I never understood why a rolling resistance test using a rolling drum, as is shown on many lab tests, should accurately represent a bike tire on pavement. This situation reminds me of the political poll conducted somewhere in a southwest border state. Pollsters rang up people but if they answered the phone in Spanish, they hung up. Naturally, the poll was way inaccurate because it did not represent the true population. Reminds me of the BREXIT polls.

An advantage is an advantage. If your FTP and VO2max are both astronomically high, you'll still be faster on equipment that's faster under controlled conditions. Were this not the case, Road bikes and TT bikes would look the same.
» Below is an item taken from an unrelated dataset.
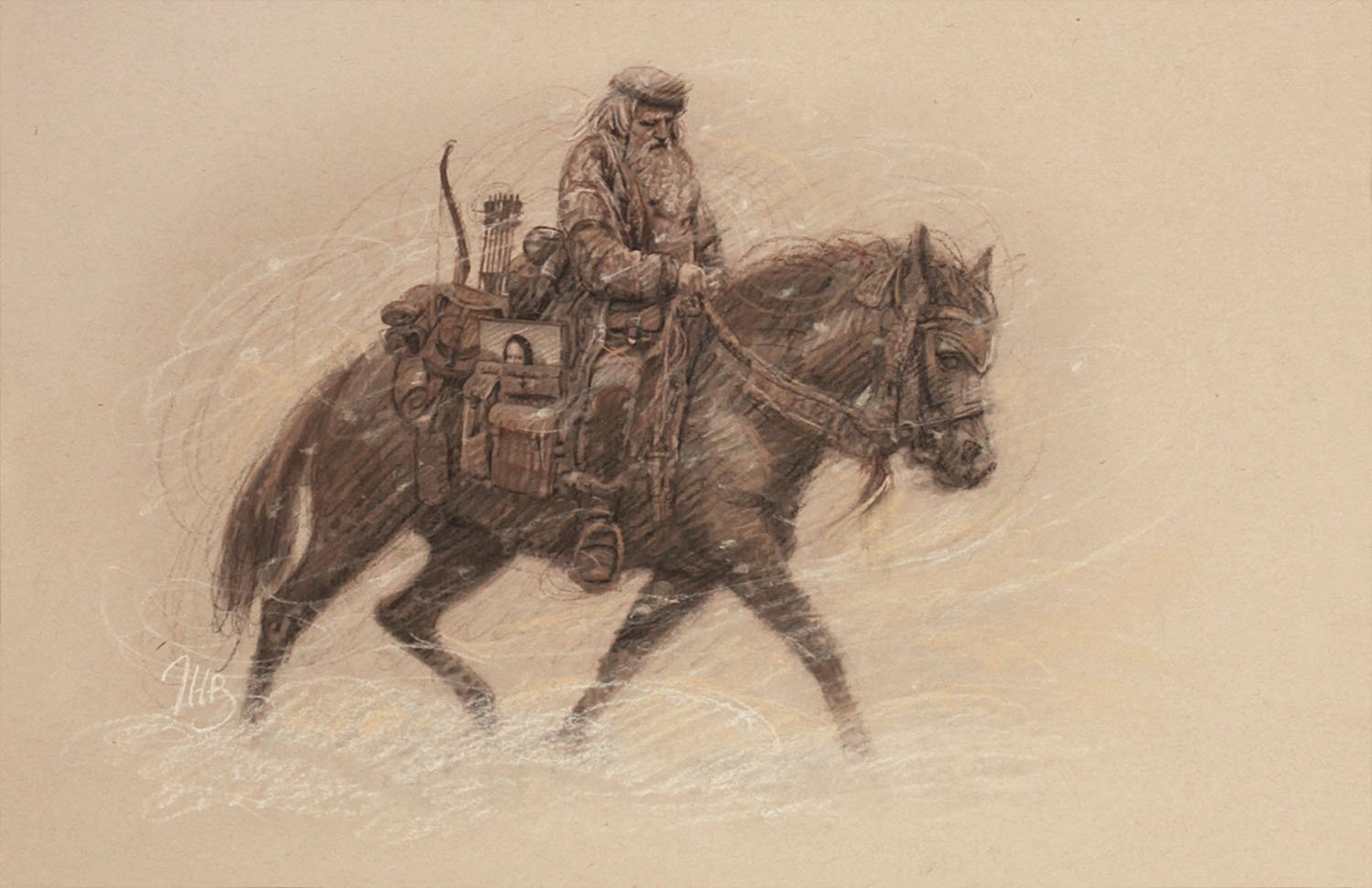 13 x 11 inches, conte on paper.

I used to love reading Frank Berto and sort of enjoy seeing references back to what he wrote BUT, it seems odd to me that Jan and others always refer back to Berto as the source for this 15% guideline. Where did Berto get it from? If from his own testing, has anyone tried replicating those tests? Beyond that, how useful is this rule of thumb to the average cyclist anyway? How in the world am I going to measure that? If one tries to chart it, isn’t one going to need to do measurements for every single weight on every single model tire with every single inner tube (or lack thereof) combination on every single rim to get anything very meaningful? All this before one even thinks about the accuracy of the average pump gauge or how much pressure one loses removing the pump from the valve. With a floor pump, I pump to about 5 psi over what I think I like best and ride until it seems like things are a bit soft, which might be 10-20 psi or more below what I think I like best but, I really don’t know because I don’t know how much pressure I lose connecting the pump or how much pressure goes into back feeding the pump. With the hand pump, I use a thumb test combined with how energetic I’m feeling. Given all this precision, I think I prefer a 14% drop.

Frank Berto said "It was based on discussions with the bicycle tire experts at Michelin, National, IRC, and Continental. They agreed that "Tire Drop" is the key criteria in matching tire size and inflation pressure to rider weight."

But to his and Jan's credit, they have always suggested this as a starting point -- if you like a little more or less pressure, go for it. :thumb: